Add boot-up times to the benchmarks? That's dumb. How many times a day do you boot your computer, once? I'm running Win 7 on a Athlon 64 x2 off a RAID5 running 4 Maxtor 200GB drives. Guess what, it boots in less than a minute. Even if you could boot up in 5 seconds off an SSD, how is that worth anything to the gamers that would be considering a $2000 PC (sure, with a $4000 PC, you'd have to buy SSDs, you wouldn't have anything else to spend your money on).
Face it, SSDs just are NOT practical for any setup involving a constrained budget. Gamers are not boot-time sensitive individuals. There's no real loss if Windows takes 30-more seconds to boot. There's no real loss if you have to wait an extra 30-seconds for your game to load.

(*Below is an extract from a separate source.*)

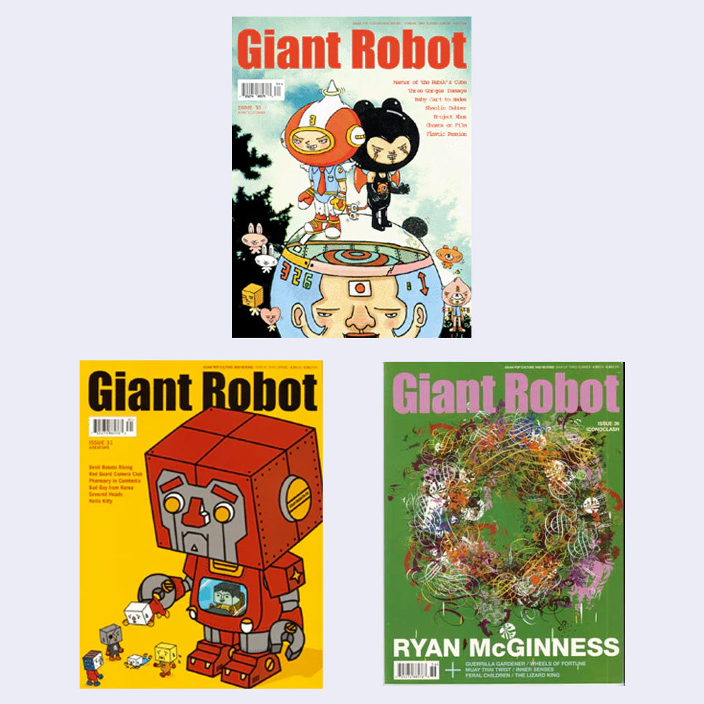 Whether you've read Giant Robot Magazine from the get go, or have always been trying to get your hands on some copies, this pack is perfect for the GR enthusiast. This pack includes issues 30, 31, and 36. Keep in mind we're nearing vintage age, so magazines will not always be in perfect conditions, though all the contents will be just as great as you remember.

Gamer's are play-time sensitive. You need max FPS (frames per second) for max FPS (first person shooter) performance. Once your game data is loaded into memory, your harddrive doesn't even factor into the scenario.
SSD fanboys are like those people who say you shouldn't use CFLs because the initial current draw when you turn a CFL on is too high. Yes, CFLs have a spike when you first power them on, but this is only a momentary thing. The reduced power consumption while they are on easily makes up for that initial power draw. Its the same with SSD vs. HDD. SSD fanatics want you to focus on the 30-60 seconds extra it takes windows to boot or a game to load. They ignore the hours upon hours of game play, internet browsing, movie watching, etc... that DO NOT BENEFIT from an SSD in any way (and, with reduced capacities, are often hindered by SSDs, and usually involve buying a second HDD for storage anyway).
Buy all the SSDs you want, but Tom's Hardware already tested and abandoned SSDs in their system builder marathons because there just wasn't a performance increase to justify it. Yeah, they could add tests that are specifically designed to show an improvement with the SSD, but they could also add tests that show improvements with HDDS (i.e. I propose that Toms include a "writing 800GB of data to a single drive test". Every SSD out there would fail, does that make the test valid?)